— Самая тяжелая работа, — сказал Петрович, — это бревна продольно пилить. На доски… — Сказал и более чем обычно, побагровел от натуги. Что-то булькало, хрипело у него в груди. — Я — до армии — семь лет пилил. Сначала три года снизу гирей болтался. Потом уже наверху…
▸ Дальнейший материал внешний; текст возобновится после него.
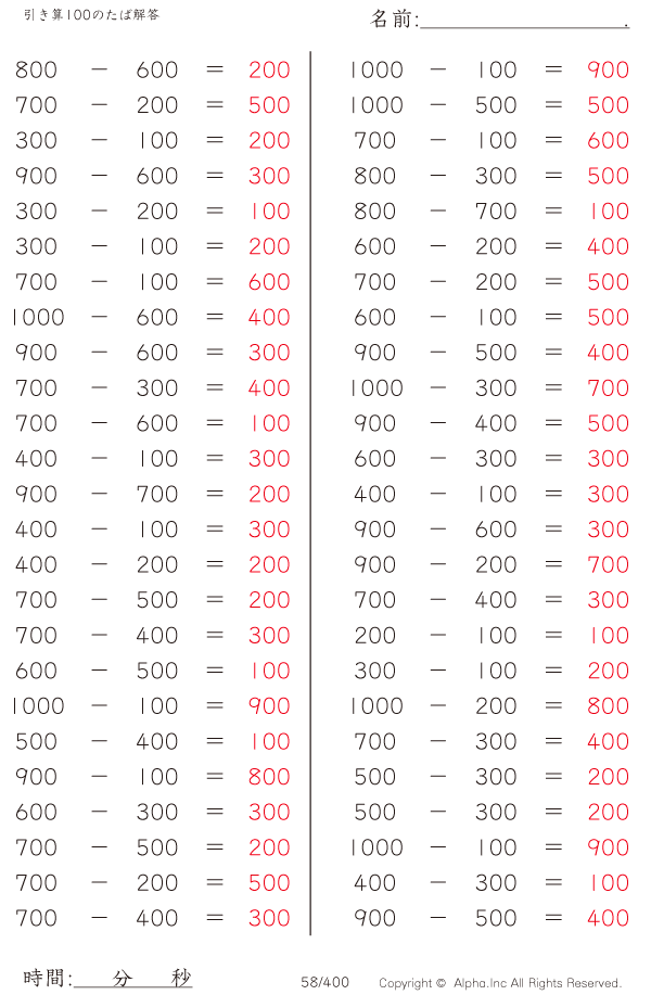 引き算100のたば [解答]058/400

— Да-а, ребята, — сказал Петя по ходу собственных мыслей, — до сорока лет все клетки в человеческом организме заменяются, поял. А после сорока — уже все, не заменяются. Каждый остается при своих… Я, помню, танцевать любил, а теперь не то. Мы в прошлом году с Мишкой, с другом, пошли на танцы. Ну, можно найти, с кем. Находятся. Танцуешь, но нет уже такого чувства. Не то. Я говорю Мишке, пошли отсюда. Ну, он, правда, уже пристроился, с толстыми ляжками одна там была. А я вижу, что нет, не то. Так все я могу танцевать, современные — эти, конечно, нет, а так могу, поял. Бывало, танцуешь, сам себя чувствуешь нормально, как летишь все равно… А тут не то.
— Чем бы дитя ни тешилось, — сказал старик с усами — «Усы». (Его имени я не знаю, он ни разу его не назвал, не опустился до равенства, панибратства. Он всю жизнь ремонтировал самолеты — технарь. Теперь, конечно, на пенсии. На заслуженном отдыхе.)
Петя не поддается на реплику, он как будто исполнен сознания собственной правоты, праведно прожитой жизни. А может быть, он защищает, прячет в себе сокровенного человека.
— Я на студии телевидения работал. Ну, там, декорации надо было поставить, по столярному делу… Эдиту Пьеху там записывали, я вот так вот, как до тебя, Усы, стоял — отлично, просто красота!
— Сколько ты мест поменял, за рублем гонялся? — пробулькал Дачник — Петрович.
— От дает!.. У меня жена не работала, ребенок один и другой. И дачу строили. Ты знаешь, как дачу строить! А жить-то надо. У меня, по-новому, пятый разряд… Я в любое место приду, мне сто двадцать, сто тридцать рублей обеспечены. Я этого не боюсь, что без работы останусь. У меня принцип: я с энтузиазмом ничего не делаю. А что там к коллективу привыкнуть, так я через неделю уже в доску свой. Я двенадцать лет на третьей мебельной фабрике отработал.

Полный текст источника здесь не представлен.